The White House and key lawmakers cleared the way Thursday night for swift Senate action to avert a Jan. 1 spike in income taxes for nearly all Americans, agreeing to extend breaks for ethanol and other forms of alternative energy as part of the deal.
WASHINGTON — The White House and key lawmakers cleared the way Thursday night for swift Senate action to avert a Jan. 1 spike in income taxes for nearly all Americans, agreeing to extend breaks for ethanol and other forms of alternative energy as part of the deal.
Tax provisions aimed at increasing production of hybrid automobiles, biodiesel fuel, energy-efficient homes, coal and energy-efficient household appliances would be extended through the end of 2011 under the bill.
Debate on the expanded measure began almost immediately.
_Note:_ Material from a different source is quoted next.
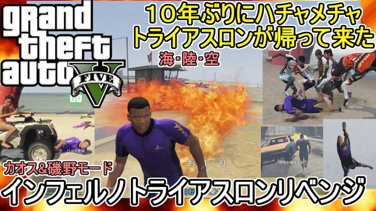 トライアスロンを約10年ぶりにインフェルノ+磯野モードでプレイ<br>10年前( <a href="https://www.nicovideo.jp/watch/sm28657348" class="watch">sm28657348</a> )の時よりさらにカオスコマンドが増えたので<br>さらにカオスなことになったぜ!<br><br>磯野モードは定期的に配信で行っているので興味がある人は遊びに来てね!<br><a href="https://www.nicovideo.jp/user/2620730/live_programs?ref=pc_userpage_menu" target="_blank" rel="noopener nofollow">https://www.nicovideo.jp/user/2620730/live_programs?ref=pc_userpage_menu</a><br><br>超会議2025グッズ通販(pixivBooth)<br><a href="https://nagio-gta25252.booth.pm/" target="_blank" rel="noopener nofollow">https://nagio-gta25252.booth.pm/</a><br><br>凪尾マイクラ等サーバー参加方法<br>ニコニコ凪尾チャンネル・クリエイターサポート加入者・NicoFTパス所持者 YouTubeメンバーシップゴールド以上の方々が参加できます! 分からないことがあったら気軽に質問してください!<br>ニコニコチャンネル<br><a href="https://ch.nicovideo.jp/nagio-gta?ref=pc_mypage_top" target="_blank" rel="noopener nofollow">https://ch.nicovideo.jp/nagio-gta?ref=pc_mypage_top</a><br>クリエイターサポート<br><a href="https://creator-support.nicovideo.jp/registration/2620730" target="_blank" rel="noopener nofollow">https://creator-support.nicovideo.jp/registration/2620730</a><br><br>YouTube高画質版:<a href="https://youtu.be/WCz2dxkNlhU" target="_blank" rel="noopener nofollow">https://youtu.be/WCz2dxkNlhU</a><br>Twitter::<a href="https://twitter.com/naoreisen" target="_blank" rel="noopener nofollow">https://twitter.com/naoreisen</a><br><br>次回 第二回ふにんがすガンダムファイブボンバーPart1:<a href="https://www.nicovideo.jp/watch/sm45399922" class="watch">sm45399922</a><br><br>前回 ふにんがす:筋肉VS化け狸編:<a href="https://www.nicovideo.jp/watch/sm45383884" class="watch">sm45383884</a><br>前回 ガンダムファイブボンバーPart3:<a href="https://www.nicovideo.jp/watch/sm45364582" class="watch">sm45364582</a><br>前回 GTA5:カオス磯野モード:地獄研究所前編:<a href="https://www.nicovideo.jp/watch/sm45316442" class="watch">sm45316442</a><br>前回 ふにんがすR.E.P.O.:破壊神もち子編:<a href="https://www.nicovideo.jp/watch/sm45236397" class="watch">sm45236397</a><br>前回 パーティアニマルズ:イタズラ妨害狸編:<a href="https://www.nicovideo.jp/watch/sm45113701" class="watch">sm45113701</a><br>前回 GTA5手配度MAX:ガンダムジークアクス編:<a href="https://www.nicovideo.jp/watch/sm44705857" class="watch">sm44705857</a><br>前回 凪尾クラフト:トライアルチャンバー編:<a href="https://www.nicovideo.jp/watch/sm44573824" class="watch">sm44573824</a><br>前回 猫ミームブラック企業動画:<a href="https://www.nicovideo.jp/watch/sm43364794" class="watch">sm43364794</a><br>前回 GTA動画:KICK BACK PV再現:<a href="https://www.nicovideo.jp/watch/sm41527305" class="watch">sm41527305</a><br><br>ふにんがす動画マイリスト <a href="https://www.nicovideo.jp/mylist/71314393" target="_blank" rel="noopener">mylist/71314393</a><br>GTA5手配度MAXシリーズ <a href="https://www.nicovideo.jp/mylist/18374381" target="_blank" rel="noopener">mylist/18374381</a><br>

While there is no precise timetable for passage, a test vote was set for Monday afternoon that appears likely to demonstrate overwhelming support for the legislation, which backers say would help accelerate a sluggish recovery from recession.
The events unfolded as the White House predicted that the agreement between President Barack Obama and top Republicans would clear by year end — even though House Democrats voted Thursday not to allow it to reach the floor without changes to scale back tax relief for the rich.
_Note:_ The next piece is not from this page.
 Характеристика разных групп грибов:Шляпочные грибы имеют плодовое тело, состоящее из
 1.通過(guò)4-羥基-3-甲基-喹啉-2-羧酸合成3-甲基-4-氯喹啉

"If it's take it or leave it, we'll leave it," said Rep. Lloyd Doggett, D-Texas, after a closed-door meeting in which rank-and-file Democrats chanted, "Just say no."
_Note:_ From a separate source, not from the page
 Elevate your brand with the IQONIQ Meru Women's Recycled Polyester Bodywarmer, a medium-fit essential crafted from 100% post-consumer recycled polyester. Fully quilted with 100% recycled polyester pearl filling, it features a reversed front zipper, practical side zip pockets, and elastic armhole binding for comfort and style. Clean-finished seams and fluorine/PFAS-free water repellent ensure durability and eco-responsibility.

"The deal will get passed," said presidential press secretary Robert Gibbs. There were no predictions to the contrary among senior Democrats on either side of the Capitol.
As announced by Obama on Monday, the deal would extend tax breaks at all income levels that are due to expire on Jan. 1, renew a program of jobless benefits for the long-term unemployed that is due to lapse within days and implement a one-year cut in Social Security taxes.
At the insistence of Republicans, it also includes a more generous estate tax provision. That, in turn, infuriated Democrats already unhappy with Obama for agreeing to extend personal tax cuts at incomes above $200,000 for individuals and $250,000 for couples.
The two-year cost of the plan, estimated at about $850 billion, would further swell record federal deficits.
Despite significant criticism from fellow Democrats, Obama has said the sweeping measure is necessary to help the struggling economy recover from the worst recession in decades. With unemployment at 9.8 percent, a top White House official warned Democratic critics Tuesday they risk sending the economy back into recession if they block the measure.
In the Senate, the emergence of bipartisan legislation also indicated progress for the White House and Senate Majority Leader Harry Reid, D-Nev., toward possible year-end passage of other major items on their agenda.